What button is jump?
Programming is an amazing job. It can also be extremely stressful. There are few industries that move as quickly and completely as programming, especially web programming. Were you using Rails five years ago, ten years ago, fifteen years ago? Five years ago Ruby web devs still had to choose between merb and Rails 2. Ten years ago Rails wasn’t even publicly available. Fifteen years ago and I don’t think it was even a glint in DHH’s eye: we were all coding Java and mod_perl in caves and wielding blunt objects.
The pace isn’t slowing down. Rails 4 will be out soon, and there are plenty of other frameworks that you could be keeping up with to mine for implementation ideas if nothing else. Thanks to the advent of mobile platforms there are now more browsers to target, not less.

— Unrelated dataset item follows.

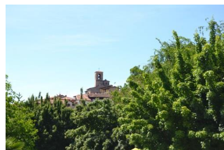
Il Borghetto con la Chiesa di S. Michele

Si ritorna al Castello, si supera il portone d'ingresso e si entra a sinistra nel cancello per visionare la facciata est dell'imponente costruzione, un passaggio coperto ci permette di continuare e imboccare a sinistra del caseggiato, il percorso collinare.

Even within the Rails framework there’s a lot to keep up with. The latest in cutting edge domain modeling. Two Rails stacks, using plain old Ruby objects, the service layer, testing testing testing.
To both experienced and new programmers it’s hard to even know where to begin. Programming news can be a source of stress and anxiety. That’s no fun. I want you to have fun, so here’s what works for me. Let’s start at the beginning: how I learn.
Embrace failure as a means to learn
Videogamers embrace failure as a requirement for progress. No matter how easy the videogame is you will fail at some point before you reach the end. In a videogame, failure is the primary mechanism for learning. Learning how a game “works” and what it expects. The same method can be used to learn a new programming language, framework, or technique.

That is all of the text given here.